Ask Rachel
Rachel tips her glass to you. Email her at telegraph@durangotelegraph.com
Dear Rachel,
Thanksgiving is already giving me anxiety. I decided this year to go veggie. And I don’t know how to break it to the ravenous carnivores in my family tree. I’m not in it for the cute baby animals or anything noble like that. Honestly, I’m in it for the regularity. I’ve never felt so free and clear! But maybe it’s worth a weekend of constipation not to face the firing squad at the family dinner. What should I do?
– Sincerely, Sitting Duck
Dear Tofurkey,
I’d say you are a vegetarian for the noblest cause of all: yourself. But let me guess that your folks are the kind of family that asks you to be fiercely independent, so long as you don’t do anything weird and you fit in with everyone else. So you could go stealth, loading up on green beans and yams and hoping no one notices your meatless plate. Or you can make a bold stand. Use the blessing to come out of the closet. Dare them to shun you on this most inclusive of holidays. If they do, flip the table, steal the pumpkin pie, and bring it to my place.
– Pass the taters, Rachel
Dear Rachel,
My place of employment has this thing where they want each employee to donate to a worthy cause by the end of the year. It’s some marketing gimmick so they can say 100 percent of their employees are giving, charitable people. I’m all for philanthropy, but this isn’t coming out of the goodness of my heart. It’s coercion! How can I keep my hard-earned cash without losing my job?
– Sorry Not Sorry
Dear One-Percenter,
This is a difficult letter to answer, because I don’t have all the facts. Are you a minimum-wage earner at a business that doesn’t invest in your personal and professional development? Or (as I suspect), do you work securely above
a living wage, financially hampered only by your own fiscal irresponsibility? I gotta think the answer becomes clear as you examine your situation. And in the end, the choice to give or not to give is yours alone. If you end up losing your job, perhaps you will learn what it’s like to rely on the kindness of strangers.

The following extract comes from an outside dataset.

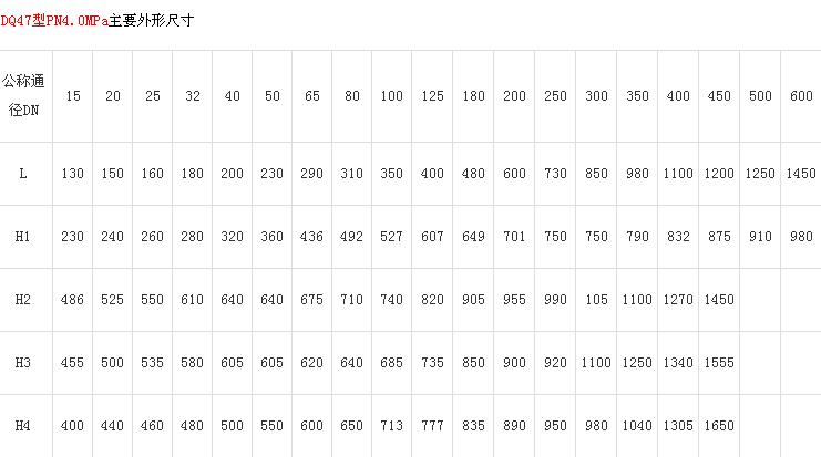 gdq47型pn1.6~2.5mpa主要外形尺寸

– Give and let give, Rachel
Dear Rachel,
I met someone special at a Halloween party last weekend. We danced. We laughed. We got insanely drunk on jungle juice. And then we lost track of each other. I don’t spark with people very often, Rachel. But I don’t have this person’s phone number. I never saw this person’s human face. I’m not even certain about this person’s gender. All I know is where (s)he works. Am I super stalkerish if I go loiter there in hopes of rekindling that passion? Any tips?
– Sleepless in Durango
Dear Crazy Person,
Yes. Yes, that would be super stalkerish. Not evenish. That is straight-up stalking. But... man, am I a sucker for a good love story. Your reunion would be even better than the top of the Empire State Building on Valentine’s Day. Loiter all you wish! Here is my lone piece of advice, though: Don’t pretend for a moment that your reunion is serendipity when in fact it’s orchestrated obsession. Own your creepiness. Stitch it into your origin story as a couple. And if it doesn’t work out, let it go. You can sleep easy knowing you didn’t let love pass you by.